Хотя Стивен Крейн был превосходным психологом, он также был настоящим поэтом. Часто его проза была более тонкой поэзией, чем его обдуманные поэтические эссе. Его самая известная книга "Красный знак мужества" - это, по сути, психологическое исследование, тонкое клиническое вскрытие души новобранца, но это также и проявление силы воображения. Когда он писал книгу, он никогда не видел сражения: ему пришлось поставить себя на место другого. Спустя годы, когда он вышел из греко-турецкой ссоры , он заметил другу: " Красный значок в порядке".
Написанную юношей, едва достигшим совершеннолетия, эту книгу сравнивают с "Севастополем" Толстого и "Разгромом" Золя, а также с некоторыми рассказами Амброза Бирса.
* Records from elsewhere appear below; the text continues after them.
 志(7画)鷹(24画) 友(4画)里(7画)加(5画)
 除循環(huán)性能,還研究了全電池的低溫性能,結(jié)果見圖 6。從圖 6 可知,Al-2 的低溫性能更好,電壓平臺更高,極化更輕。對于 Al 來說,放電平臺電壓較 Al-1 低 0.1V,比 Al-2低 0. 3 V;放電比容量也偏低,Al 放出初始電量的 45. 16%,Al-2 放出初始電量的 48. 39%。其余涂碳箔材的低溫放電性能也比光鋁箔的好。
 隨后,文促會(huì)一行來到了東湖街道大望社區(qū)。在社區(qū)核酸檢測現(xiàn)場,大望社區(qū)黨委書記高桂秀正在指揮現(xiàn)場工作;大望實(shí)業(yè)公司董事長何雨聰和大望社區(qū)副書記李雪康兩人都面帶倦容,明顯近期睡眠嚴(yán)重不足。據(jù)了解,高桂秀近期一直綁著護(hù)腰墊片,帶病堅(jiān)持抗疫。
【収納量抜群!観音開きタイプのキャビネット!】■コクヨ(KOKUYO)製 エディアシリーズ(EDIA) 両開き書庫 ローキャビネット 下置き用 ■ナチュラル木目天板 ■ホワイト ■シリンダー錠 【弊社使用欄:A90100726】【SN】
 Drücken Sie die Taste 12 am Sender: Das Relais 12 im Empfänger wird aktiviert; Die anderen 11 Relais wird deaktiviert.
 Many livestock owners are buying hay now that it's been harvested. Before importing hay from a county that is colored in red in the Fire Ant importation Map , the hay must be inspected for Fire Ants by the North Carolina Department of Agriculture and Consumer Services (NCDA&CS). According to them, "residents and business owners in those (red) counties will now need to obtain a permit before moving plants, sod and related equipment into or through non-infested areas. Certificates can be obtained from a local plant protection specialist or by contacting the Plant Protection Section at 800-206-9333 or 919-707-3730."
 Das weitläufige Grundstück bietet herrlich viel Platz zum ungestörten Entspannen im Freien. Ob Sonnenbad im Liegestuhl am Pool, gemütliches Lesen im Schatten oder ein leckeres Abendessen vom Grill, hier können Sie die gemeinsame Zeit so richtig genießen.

Сравнение с работой Бирса правомерно; с другими книгами, я думаю, меньше. Толстой и Золя не видят традиционной красоты сражения; они посвящают себя преданному - почти непристойному - изучению трупов и бойни в целом; и им не хватает инстинкта американца к шумной банальности, естественности, непочтительности, который так существенно помогает его реализму. В "Красном знаке мужества" тон неизменно сдержан там, где ожидаешь высоты: самые героические поступки совершаются с нарочитой неловкостью.
Когда Крейн писал эту книгу, он был малоизвестным фрилансером. Усилие, как он где-то говорит, "было рождено болью - почти отчаянием". Однако это была лучшая работа именно по этой причине, как знал Крэйн. Он далеко не безупречен. Было замечено, что в нем столько же грамматических ошибок, сколько и штыков; но это большой холст, и я уверен, что многие из отклонений Крейна от правил вежливой риторики были преднамеренными экспериментами, направленными на эффект - эффект, который он часто добивался.
Стивен Крейн "прибыл" с этой книгой. Конечно, многие никогда не слышали о нем и по сей день, но было время, когда о нем очень много говорили. Это было в середине девяностых, после публикации "Красного знака мужества", хотя и раньше он вызвал краткий ажиотаж своим странным сборником стихов под названием "Черные всадники и другие строки". Его очень хвалили, его очень ругали и смеялись; но он казался "сделанным". С тех пор мы почти забыли. Это способ, который у нас есть.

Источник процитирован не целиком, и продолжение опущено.